The exception to this conformity can be found at the other end of the spectrum. The typical aggressive private client portfolio returned roughly 8 per cent between the end of November and the start of June, according to Arc.

But DFM returns vary quite significantly. Tasked with allocating the bulk of these portfolios to equities, wealth managers have opted for a variety of solutions – in keeping with a market where the regional equity and growth versus value debates remain live ones.

Stay tuned for more in the coming days, as we take a closer look at how exactly some firms’ aggressive models are deviating from private client benchmarks.

Selling up

JPMorgan’s acquisition of Nutmeg brings a familiar conclusion to the robo-adviser’s ups and downs since its launch in 2011.

The company has invested heavily in marketing and client acquisition, but moved further away from profitability with every passing year.

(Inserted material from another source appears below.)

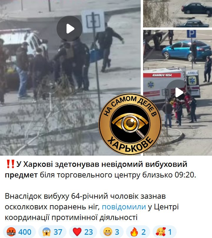 "Около 09: 20 сдетонировал неизвестный взрывной предмет возле торгового центра. В результате взрыва пострадал 64-летний мужчина. Он получил осколочные ранения нижних конечностей", — сообщил Центр координации противоминной деятельности

One thing at which it's always proven successful, however, is raising money from investors. The acquisition by JPM is very much in line with that.

The question of when it will turn a profit now fades into the background, as attention turns to how the company will be used to spearhead JPM’s push into the UK retail banking market.

Of course, from wealth managers’ perspective, Nutmeg’s target market was always a step removed from their own. That won’t change with the arrival of a new backer. But those interested in whether robo truly can achieve critical mass will be monitoring how prominent a role it takes in the bank’s online operations from hereon in.